■ Exercise directions
The answer should be a faithful retyping of the records that follow, pictures excluded.

■ Records for the exercise
= = = = = = =

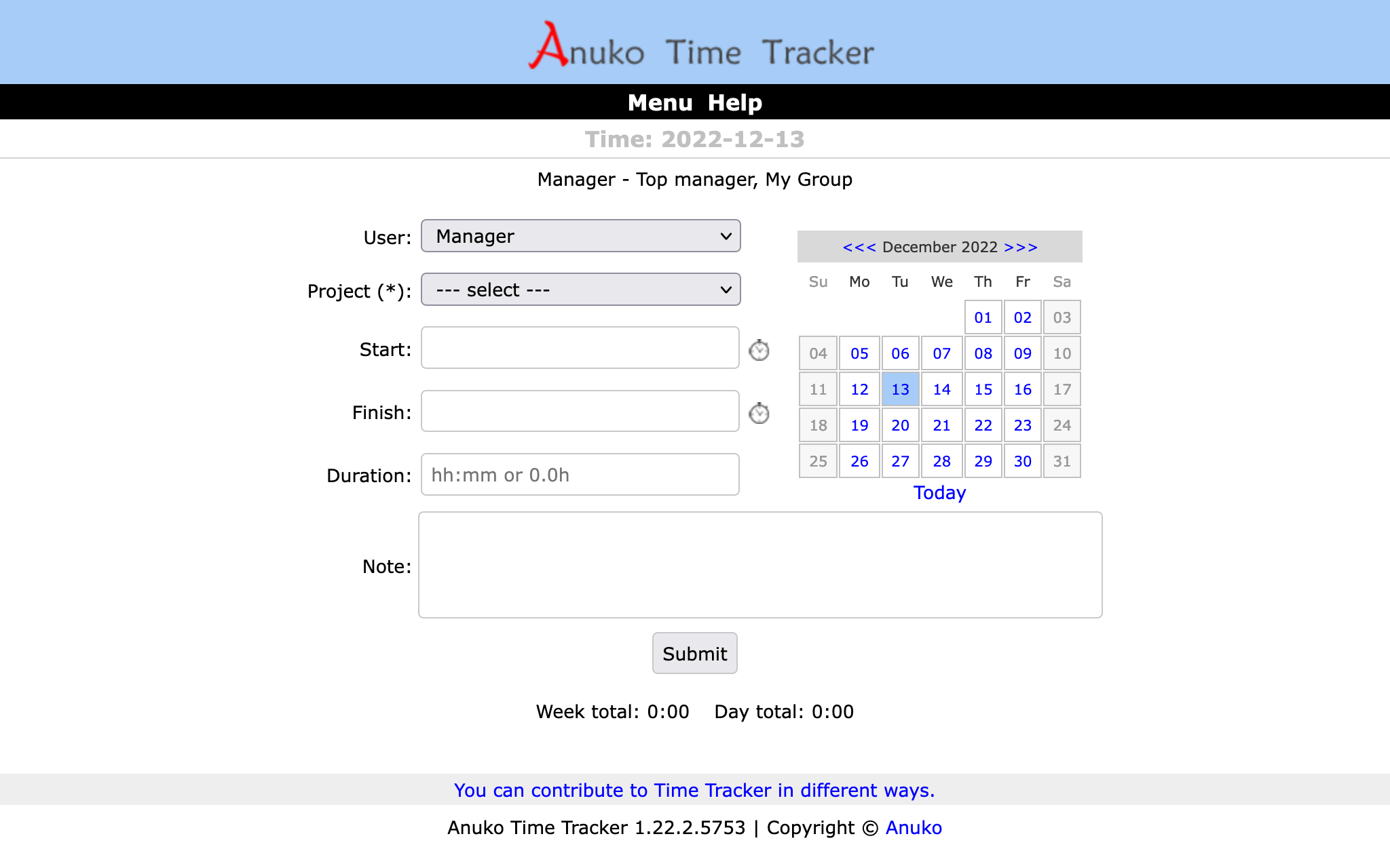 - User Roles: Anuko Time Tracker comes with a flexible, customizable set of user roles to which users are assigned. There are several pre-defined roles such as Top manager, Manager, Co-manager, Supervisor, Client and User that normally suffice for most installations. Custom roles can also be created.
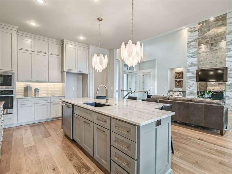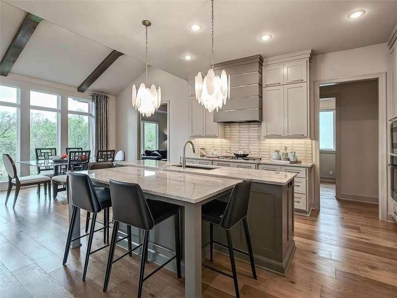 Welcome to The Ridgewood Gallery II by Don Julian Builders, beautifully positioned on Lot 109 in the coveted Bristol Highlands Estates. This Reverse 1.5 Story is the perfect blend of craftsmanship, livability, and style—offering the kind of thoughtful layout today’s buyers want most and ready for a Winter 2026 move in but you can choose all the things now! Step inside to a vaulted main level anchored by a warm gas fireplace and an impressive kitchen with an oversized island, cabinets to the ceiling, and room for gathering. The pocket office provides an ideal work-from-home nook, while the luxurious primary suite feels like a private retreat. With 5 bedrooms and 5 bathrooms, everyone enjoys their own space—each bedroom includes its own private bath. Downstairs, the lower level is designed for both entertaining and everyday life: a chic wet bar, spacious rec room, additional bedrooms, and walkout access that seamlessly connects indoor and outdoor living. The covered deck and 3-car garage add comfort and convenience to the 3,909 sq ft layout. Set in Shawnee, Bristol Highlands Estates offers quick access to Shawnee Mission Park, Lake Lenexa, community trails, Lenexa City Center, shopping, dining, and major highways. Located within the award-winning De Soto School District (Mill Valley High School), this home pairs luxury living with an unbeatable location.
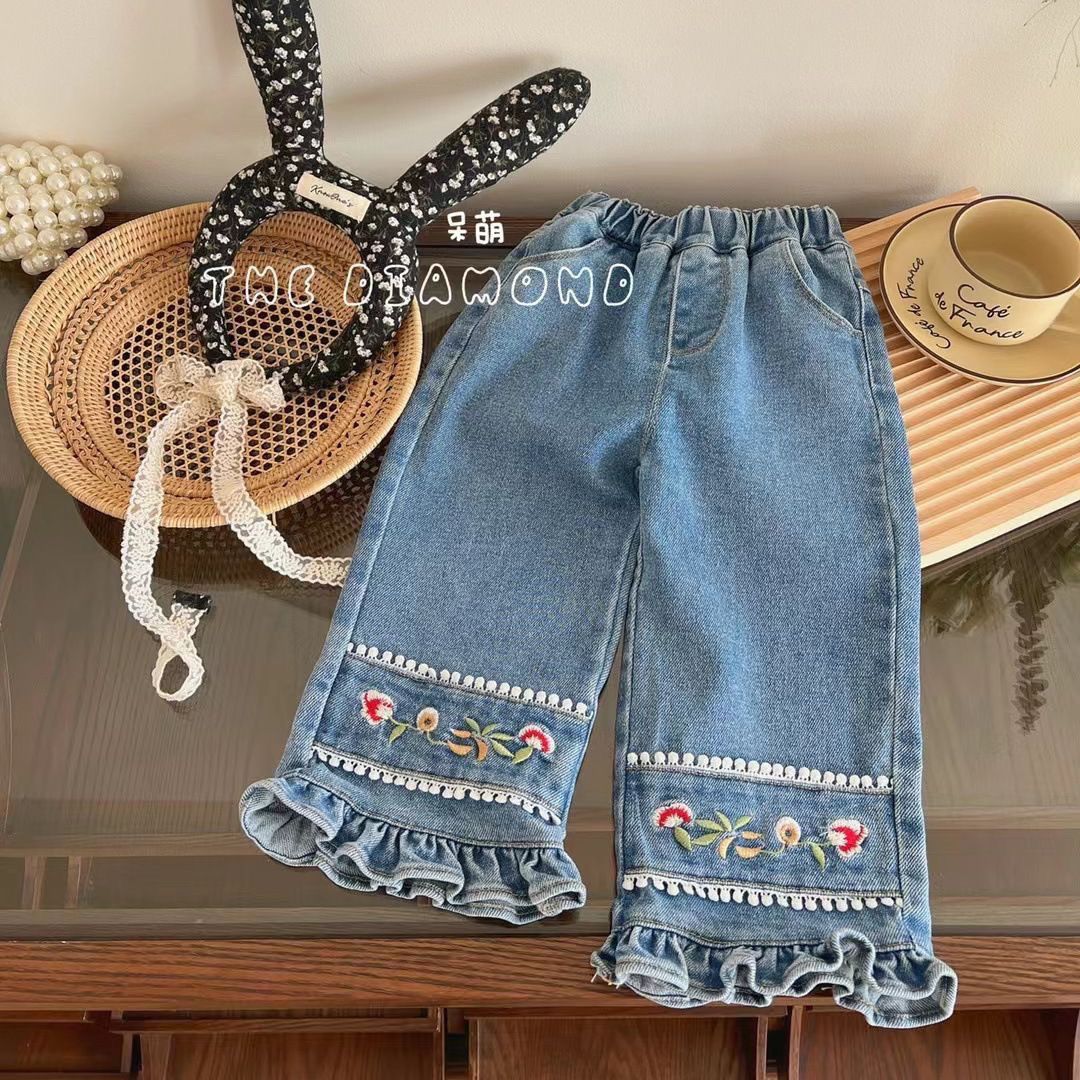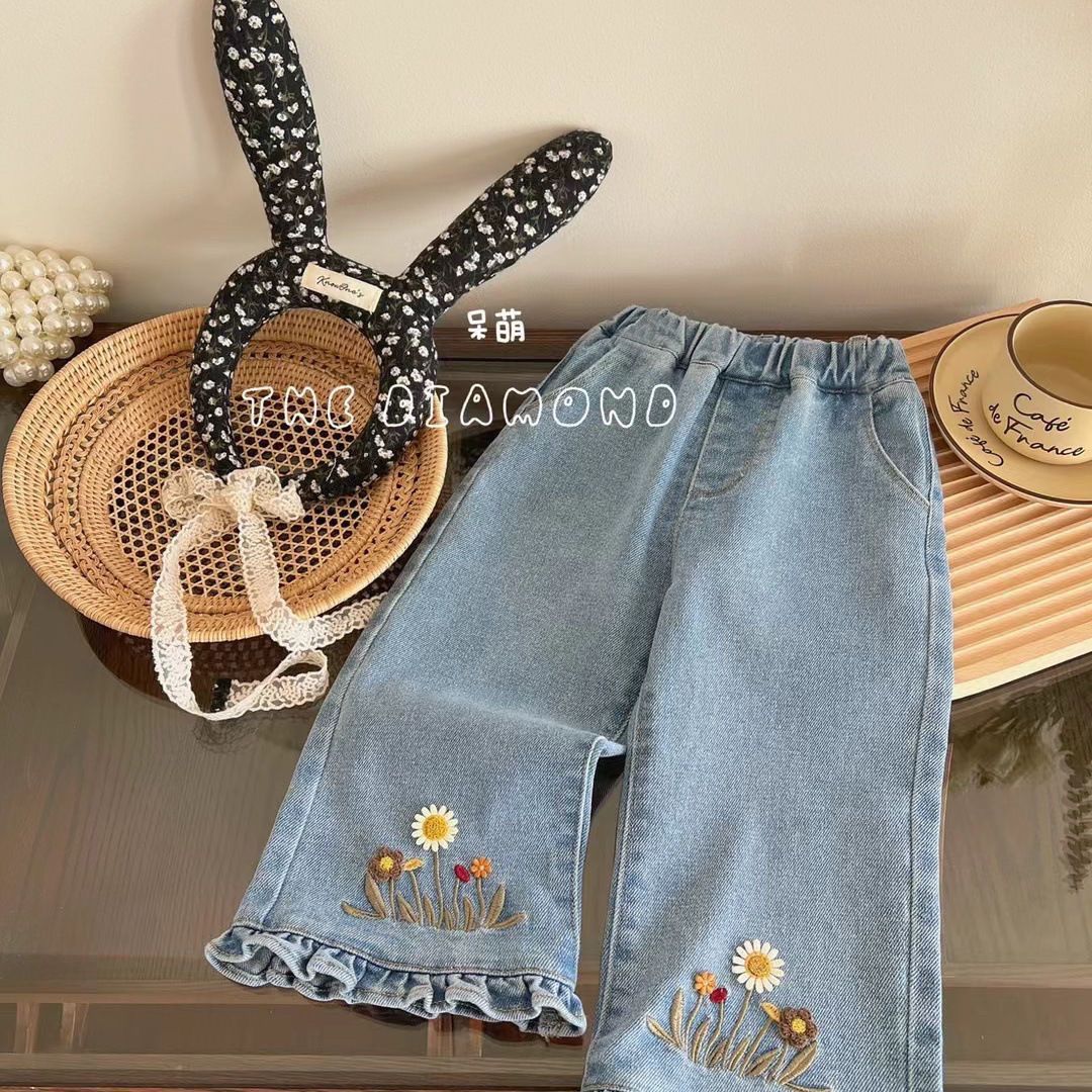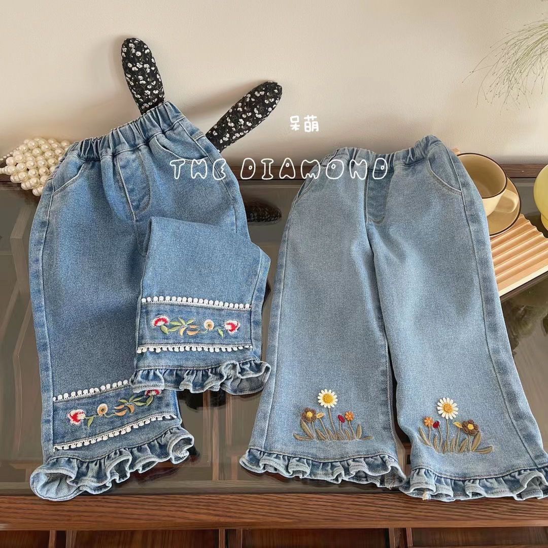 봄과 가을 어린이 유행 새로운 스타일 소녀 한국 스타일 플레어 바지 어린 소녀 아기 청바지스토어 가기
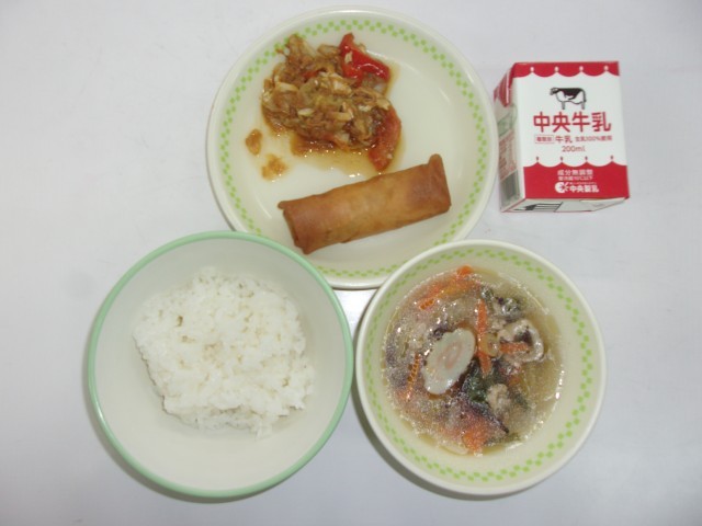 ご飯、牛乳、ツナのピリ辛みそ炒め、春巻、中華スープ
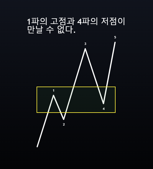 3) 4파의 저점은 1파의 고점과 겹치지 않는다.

= = = = = = =

■ Written reply
 - User Roles: Anuko Time Tracker comes with a flexible, customizable set of user roles to which users are assigned. There are several pre-defined roles such as Top manager, Manager, Co-manager, Supervisor, Client and User that normally suffice for most installations. Custom roles can also be created.
 Welcome to The Ridgewood Gallery II by Don Julian Builders, beautifully positioned on Lot 109 in the coveted Bristol Highlands Estates. This Reverse 1.5 Story is the perfect blend of craftsmanship, livability, and style—offering the kind of thoughtful layout today’s buyers want most and ready for a Winter 2026 move in but you can choose all the things now! Step inside to a vaulted main level anchored by a warm gas fireplace and an impressive kitchen with an oversized island, cabinets to the ceiling, and room for gathering. The pocket office provides an ideal work-from-home nook, while the luxurious primary suite feels like a private retreat. With 5 bedrooms and 5 bathrooms, everyone enjoys their own space—each bedroom includes its own private bath. Downstairs, the lower level is designed for both entertaining and everyday life: a chic wet bar, spacious rec room, additional bedrooms, and walkout access that seamlessly connects indoor and outdoor living. The covered deck and 3-car garage add comfort and convenience to the 3,909 sq ft layout. Set in Shawnee, Bristol Highlands Estates offers quick access to Shawnee Mission Park, Lake Lenexa, community trails, Lenexa City Center, shopping, dining, and major highways. Located within the award-winning De Soto School District (Mill Valley High School), this home pairs luxury living with an unbeatable location.
 봄과 가을 어린이 유행 새로운 스타일 소녀 한국 스타일 플레어 바지 어린 소녀 아기 청바지스토어 가기
 ご飯、牛乳、ツナのピリ辛みそ炒め、春巻、中華スープ
 3) 4파의 저점은 1파의 고점과 겹치지 않는다.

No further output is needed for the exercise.